## Exercise brief
Whenever a line contains "waterpomp", include it in the count; reply with the number of such lines in the data and nothing else.

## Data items
######

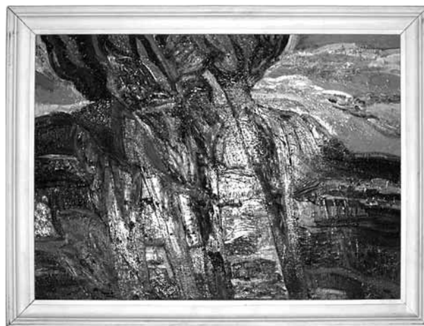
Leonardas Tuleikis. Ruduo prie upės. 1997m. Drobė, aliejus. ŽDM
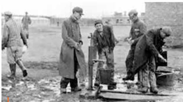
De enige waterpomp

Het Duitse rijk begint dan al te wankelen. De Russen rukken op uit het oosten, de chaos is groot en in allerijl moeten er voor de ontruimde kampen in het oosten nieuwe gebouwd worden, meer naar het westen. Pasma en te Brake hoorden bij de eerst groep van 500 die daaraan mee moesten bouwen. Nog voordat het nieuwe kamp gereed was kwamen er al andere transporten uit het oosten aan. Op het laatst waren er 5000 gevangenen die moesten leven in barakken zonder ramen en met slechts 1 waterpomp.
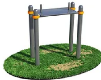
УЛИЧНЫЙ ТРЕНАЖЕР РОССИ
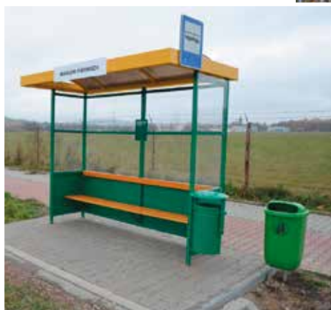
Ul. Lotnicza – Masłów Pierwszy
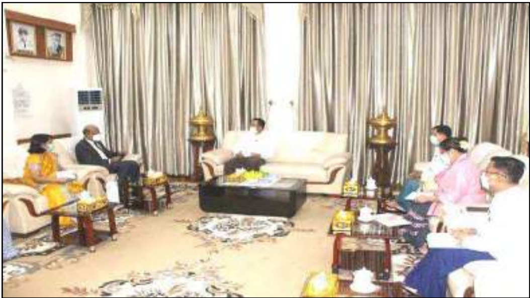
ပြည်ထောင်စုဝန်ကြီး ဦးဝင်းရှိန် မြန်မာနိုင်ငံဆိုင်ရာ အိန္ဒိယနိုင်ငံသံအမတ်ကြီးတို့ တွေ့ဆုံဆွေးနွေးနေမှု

######

## Solution for this problem
2